Well, right when deer season closed in the NF on Dec 26th, I went right back to looking for hogs. I ended up hunting Chattahoochee WMA almost exclusively just because it is close to home, and I know it better than I know almost any other place in the mountains. It took me several hunts to figure out what the hogs were doing, what they were feeding on this late in the season, and the areas where they were holding. Once I pieced together that puzzle, I started finding areas across the WMA which were holding hogs. Most of these places required long hikes with my rifle, big pack, the butchering equipment I would need to butcher an animal, and all my gear needed for a long hunt. Some of these spots were up to three miles one way, and uphill 90-95% of the way.  
I hunted, and I hunted, and I hunted. Every time I checked these various spots throughout the winter, there was new, fresh sign, but still I came home without pork each time. I found that the hogs were moving a LOT within the bounds of the general areas where they were holding, and they were basically just going to be where I found them. No really good way to pattern them this late in the season when the food is scarce and scattered.

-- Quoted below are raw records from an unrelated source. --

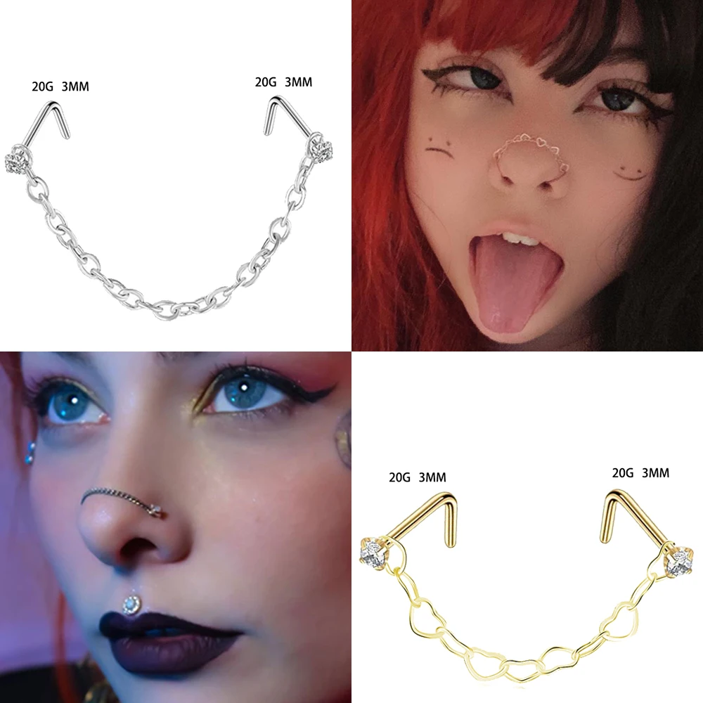Новая Двойная Цепочка для пирсинга в ноздре, серьги из нержавеющей ...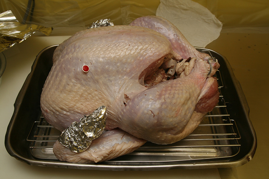 the 19 lbs. turkey finally went into the oven around 1:00. i read that the normal baking temperature is 325° but my mother and sister wanted to speed things up so my mother set the oven to 350°. in any case, the turkey should be ready by 5-6:00, just when the other guests will arrive (5:00).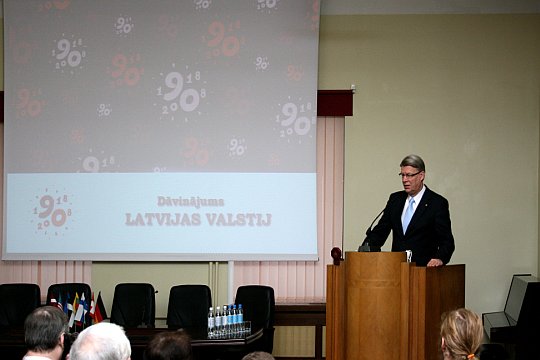 uzrunā starptautiskās konferences Latvijas valsts neatkarība: ideja un realizācija dalībniekus Kara muzejā 13. novembrī.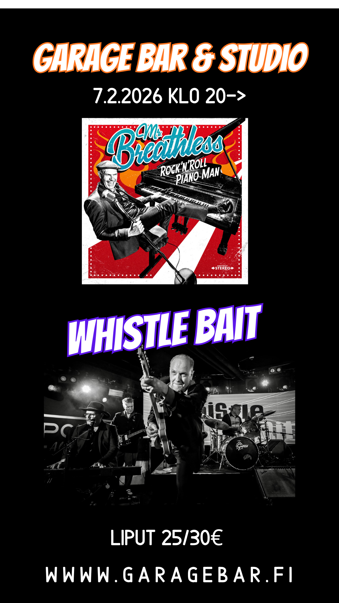 Valmistaudu talven kovaäänisimpään iltaan, kun Garage Baarin lavalle nousee lauantaina 7.2. kaksi genrensä rautaisinta nimeä. Illan itseoikeutettuna tähtenä loistaa hurjasta lavashow'staan tunnettu Mr Breathless, joka saa pianon koskettimet savuamaan ennennäkemättömällä energialla. Hänen seuranaan nähdään suomalaisen rockabillyn ja rhythm'n'bluesin legenda Whistlebait, jonka pettämätön tyylitaju ja tarttuvat rytmit takaavat tanssilattian kuumenemisen.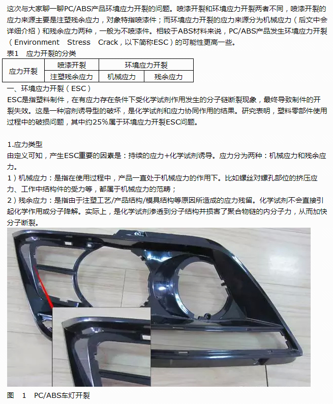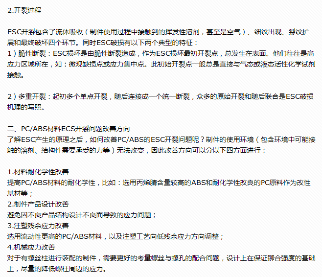 关于PC/ABS产品环境应力开裂分析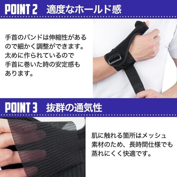 ・手の甲と手のひらの両側にテーピングが編み込まれており、手首の過度な動きを制限しサポートします。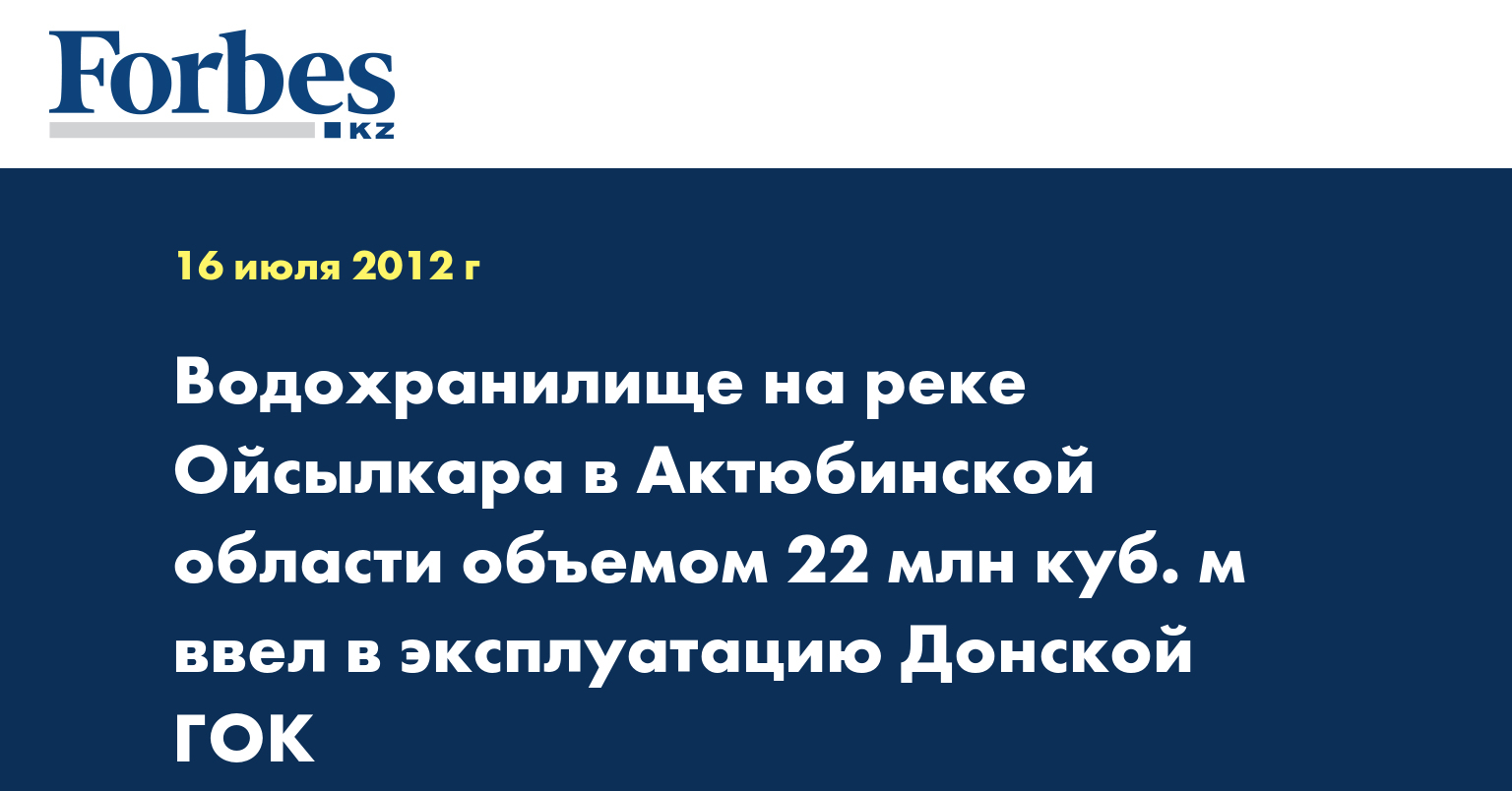 АО «Донской горно-обогатительный комбинат (ГОК)» ввел в эксплуатацию водохранилище на реке Ойсылкара в Актюбинской области проектным объемом 22 млн куб. м, сообщил корреспондент КазТАГ.

Last Saturday, February 20th, I knew I only had a week before the close of small game season, and could only hunt maybe two or three more times before my chance was gone. I worked Saturday until about 12:30. I immediately changed clothes, and went straight up to Chattahoochee. I hiked about three miles up and scouted around for a little while. I checked creek bottoms, and food plots. I made some mental notes, but didn't find any fresh sign way up where I was. So, I slowly started hiking back to my vehicle. 
About 1.25 miles before I reached my vehicle, I saw a set of tracks in the road. It belonged to a good sized pig, and some piglets. This set of tracks was not there on my way up, and so I knew they weren't even 2 hours old. I stopped, and looked around to assess the area and what my next move should be. I looked to see where the tracks were going, but they left the road, and the tracks petered out in the leaves. I then made a circle of the area, and found the trail they had created when coming to the road. Since I couldn't tell where they ended up going, I decided to just back track their trail and see what I could see. The trail lead down into a creek bottom overgrown with rhododendron. I looked upstream for a while and saw nothing. I turned to my right looking downstream, and was pondering what to do next. As I was looking downstream, and over the noise of the running water, I heard something. Thunder, or a plane off in the distance I thought. And then I heard it again more recognizable, and yet again a third time, unmistakable. It was the deep guttural growl of a hog. I thought I was in the presence of a sow with piglets, and was about to live that bear attack scene from The Revenant. I turned to look behind me, and saw a black hog walking to an opening to get a look at me. I went to cock the hammer, and forgot that this rifle not only has a hammer, but also a trigger safety, which kept me from cocking the hammer. (rookie mistake, I know!) I popped the safety, cocked the hammer, and went to bring the cross hairs down on the hogs forehead, when I realized I couldn't see the hog in the scope. The hog was at 20 yards, and my scope was dialed in at "9". (Double rookie mistake!) As I dialed the scope down to 4, the hog saw me and took off down stream. I thought I had blown the hunt when I heard running to my left. I caught a glimpse of another hog running across the creek from me and she was running downstream and to my right also. Got the crosshairs on her, and stayed on her trying to aim for the side of the head. Squeezed off, and a boom and smoke filled the creek bottom. I heard more running, and through the smoke I saw two big black hogs scrambling straight up the 45 degree slope ridge across from me. In that moment I thought I missed. I said to myself "HOW could you miss at twenty yards?!" After all that time and effort, all those uphill miles and long days in the woods, I blew it at twenty yards.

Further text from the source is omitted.